Versions of relevant libraries:
[pip3] mypy-extensions==1.0.0
[pip3] numpy==1.24.0
[pip3] torch==2.1.0a0+gita014d1b
[pip3] torcheval==0.0.6
[pip3] torchmetrics==1.0.3
[pip3] torchtnt==0.2.0
[conda] blas 1.0 mkl
[conda] mkl 2023.1.0 h6d00ec8_46342
[conda] mkl-service 2.4.0 py39h5eee18b_1
[conda] mkl_fft 1.3.6 py39h417a72b_1
[conda] mkl_random 1.2.2 py39h417a72b_1
[conda] numpy 1.22.4 pypi_0 pypi
[conda] torch 2.1.0a0+gita014d1b pypi_0 pypi
[conda] torcheval 0.0.6 pypi_0 pypi
[conda] torchmetrics 1.0.3 pypi_0 pypi
[conda] torchtnt 0.2.0 pypi_0 pypi

Hi @gounley thanks for bringing this up. I'm not able to replicate this locally on my end. Can you try and see if using torcheval-nightly also results in the discrepancy?

Nightly (2023.8.20) gives me the same incorrect result.

if you create a new environment and install torcheval-nightly, does it still produce the same incorrect result?

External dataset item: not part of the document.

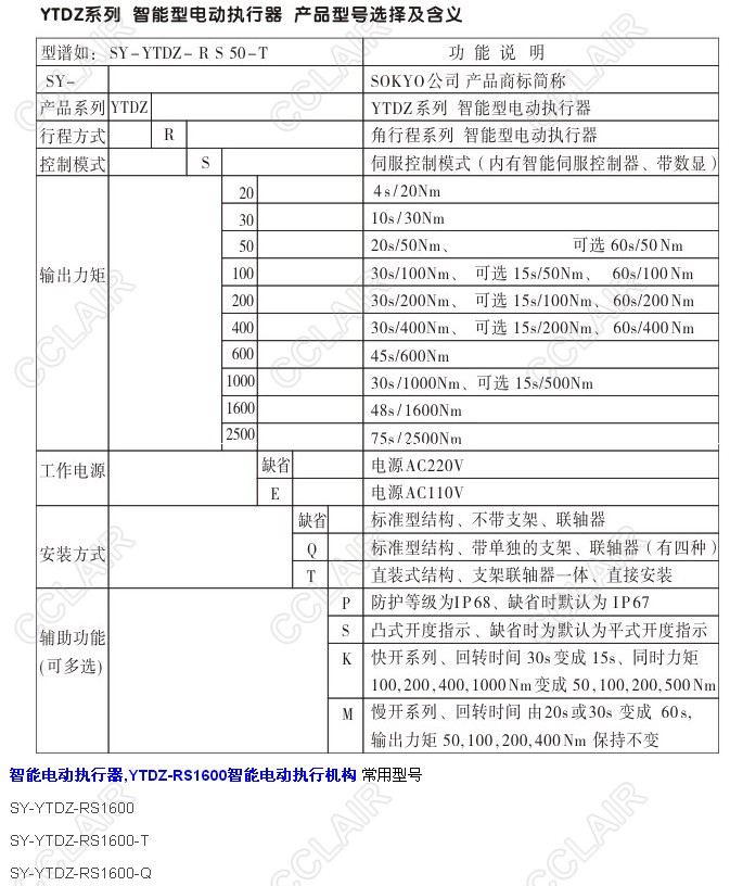 SY-YTDZ-RS1600,SY-YTDZ-RS1600-T,SY-YTDZ-RS1600-Q,YTDZ-RS1600智能電動(dòng)執(zhí)行機(jī)構(gòu)

I made a new environment on a different machine and the result is still the same.

Versions:
Collecting environment information...
PyTorch version: 2.0.1
Is debug build: False
CUDA used to build PyTorch: None
ROCM used to build PyTorch: N/A

OS: macOS 13.5.1 (arm64)
GCC version: Could not collect
Clang version: Could not collect
CMake version: Could not collect
Libc version: N/A

Python version: 3.11.4 (main, Jul 5 2023, 08:40:20) [Clang 14.0.6 ] (64-bit runtime)
Python platform: macOS-13.5.1-arm64-arm-64bit
Is CUDA available: False
CUDA runtime version: No CUDA
CUDA_MODULE_LOADING set to: N/A
GPU models and configuration: No CUDA
Nvidia driver version: No CUDA
cuDNN version: No CUDA
HIP runtime version: N/A
MIOpen runtime version: N/A
Is XNNPACK available: True

CPU:
Apple M2

Versions of relevant libraries:
[pip3] numpy==1.25.2
[pip3] torch==2.0.1
[pip3] torchaudio==2.0.2
[pip3] torcheval-nightly==2023.8.20
[pip3] torchmetrics==1.1.0
[pip3] torchvision==0.15.2
[conda] numpy 1.25.2 pypi_0 pypi
[conda] torch 2.0.1 pypi_0 pypi
[conda] torchaudio 2.0.2 pypi_0 pypi
[conda] torcheval-nightly 2023.8.20 pypi_0 pypi
[conda] torchmetrics 1.1.0 pypi_0 pypi
[conda] torchvision 0.15.2 pypi_0 pypi

Ah ok, I found the error - it was in our test environment. I'll close the issue.